» Supplied material:
———
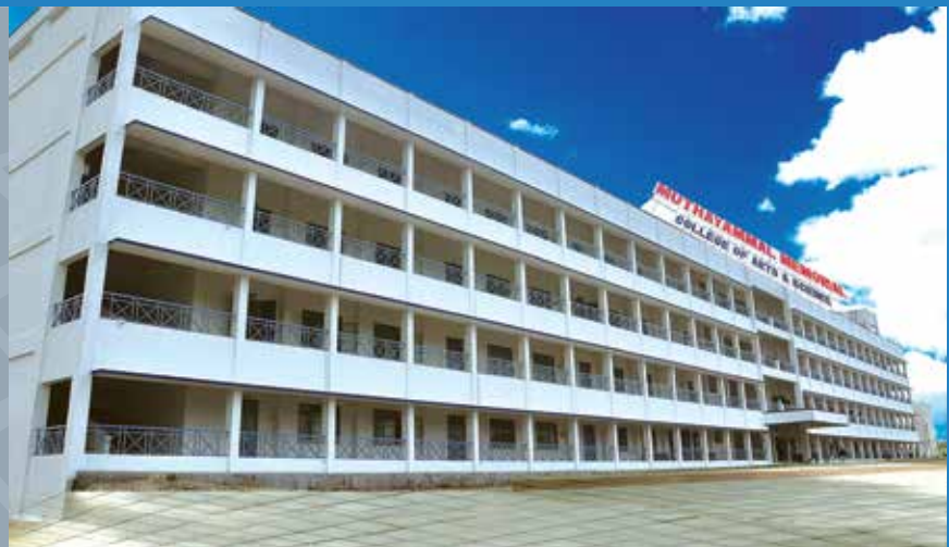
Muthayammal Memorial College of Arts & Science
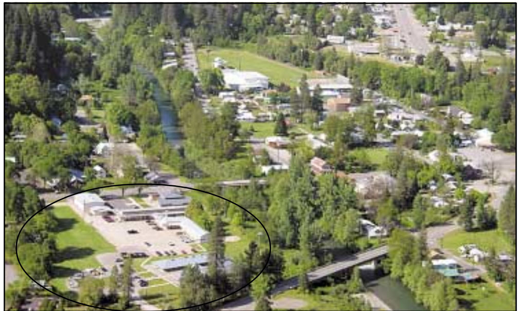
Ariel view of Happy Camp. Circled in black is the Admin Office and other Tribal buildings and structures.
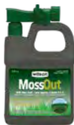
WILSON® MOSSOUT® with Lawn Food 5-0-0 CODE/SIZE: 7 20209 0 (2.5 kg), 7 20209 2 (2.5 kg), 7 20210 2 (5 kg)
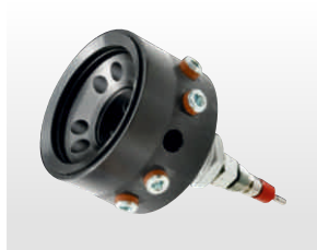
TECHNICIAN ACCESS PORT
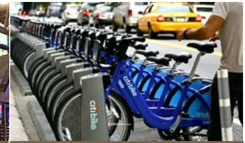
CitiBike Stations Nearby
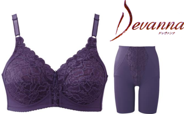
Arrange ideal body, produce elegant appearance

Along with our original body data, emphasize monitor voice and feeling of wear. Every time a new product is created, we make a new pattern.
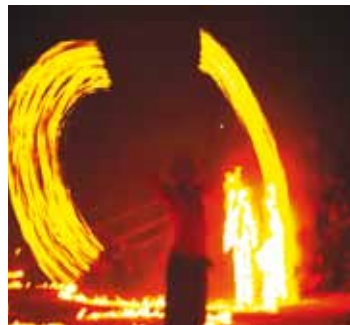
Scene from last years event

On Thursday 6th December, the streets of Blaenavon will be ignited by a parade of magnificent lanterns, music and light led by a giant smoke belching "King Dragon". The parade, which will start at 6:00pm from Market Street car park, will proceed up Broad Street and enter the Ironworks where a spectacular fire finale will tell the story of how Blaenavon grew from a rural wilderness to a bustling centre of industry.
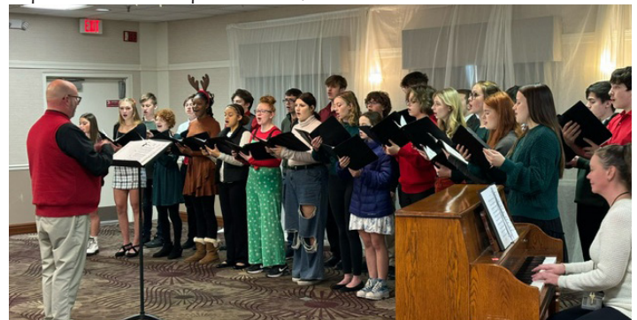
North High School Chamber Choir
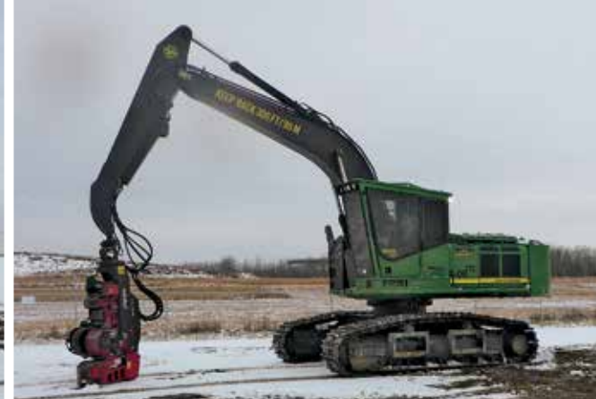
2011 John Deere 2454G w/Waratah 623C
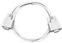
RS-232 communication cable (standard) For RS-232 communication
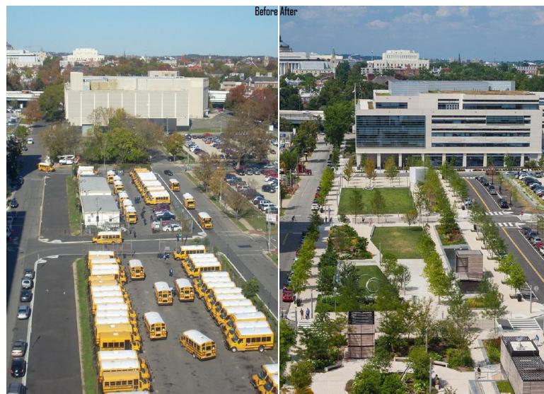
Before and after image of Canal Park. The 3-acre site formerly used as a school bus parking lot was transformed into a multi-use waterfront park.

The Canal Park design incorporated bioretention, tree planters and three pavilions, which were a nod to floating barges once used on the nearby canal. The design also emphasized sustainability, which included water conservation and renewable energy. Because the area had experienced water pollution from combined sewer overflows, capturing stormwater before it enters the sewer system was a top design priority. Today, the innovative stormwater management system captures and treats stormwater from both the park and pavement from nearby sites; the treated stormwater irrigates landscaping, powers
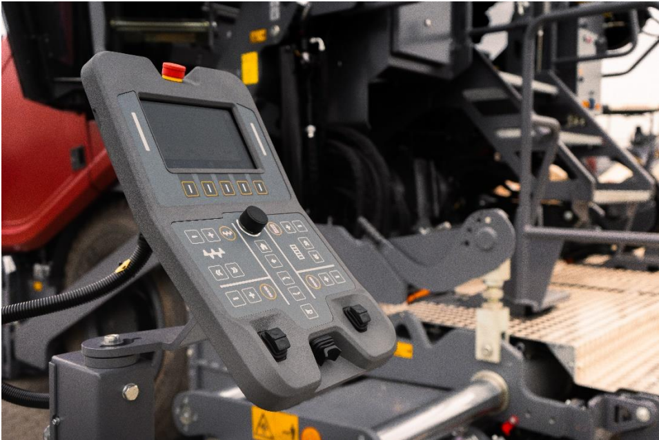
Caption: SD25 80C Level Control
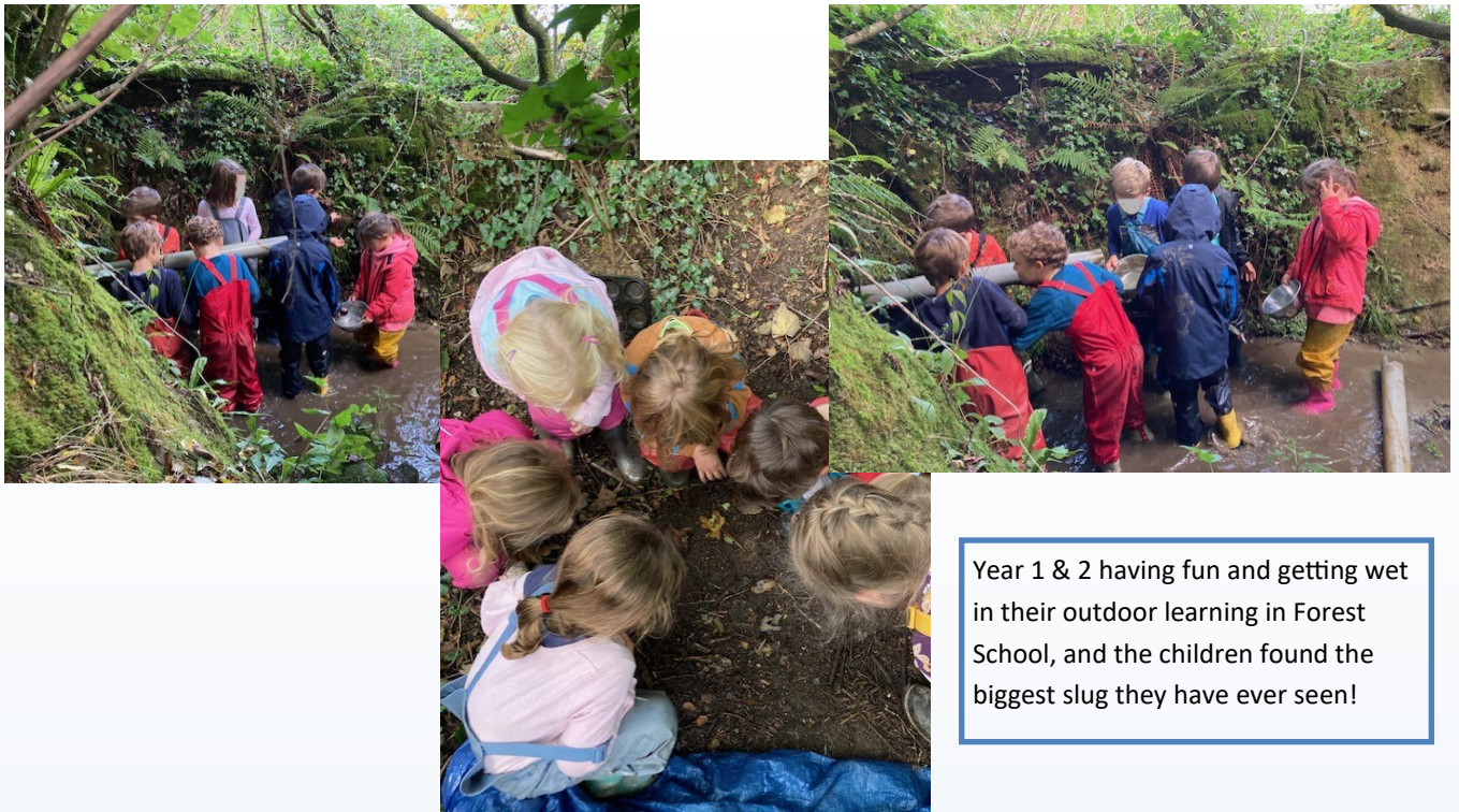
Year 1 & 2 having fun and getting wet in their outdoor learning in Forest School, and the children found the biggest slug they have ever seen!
———
» Instructions to follow:
Your response must consist of the lines from the beginning of the data through the line containing "Arrange ideal body, produce", transcribed exactly, with no pictures.

» Task response:
Muthayammal Memorial College of Arts & Science
Ariel view of Happy Camp. Circled in black is the Admin Office and other Tribal buildings and structures.
WILSON® MOSSOUT® with Lawn Food 5-0-0 CODE/SIZE: 7 20209 0 (2.5 kg), 7 20209 2 (2.5 kg), 7 20210 2 (5 kg)
TECHNICIAN ACCESS PORT
CitiBike Stations Nearby
Arrange ideal body, produce elegant appearance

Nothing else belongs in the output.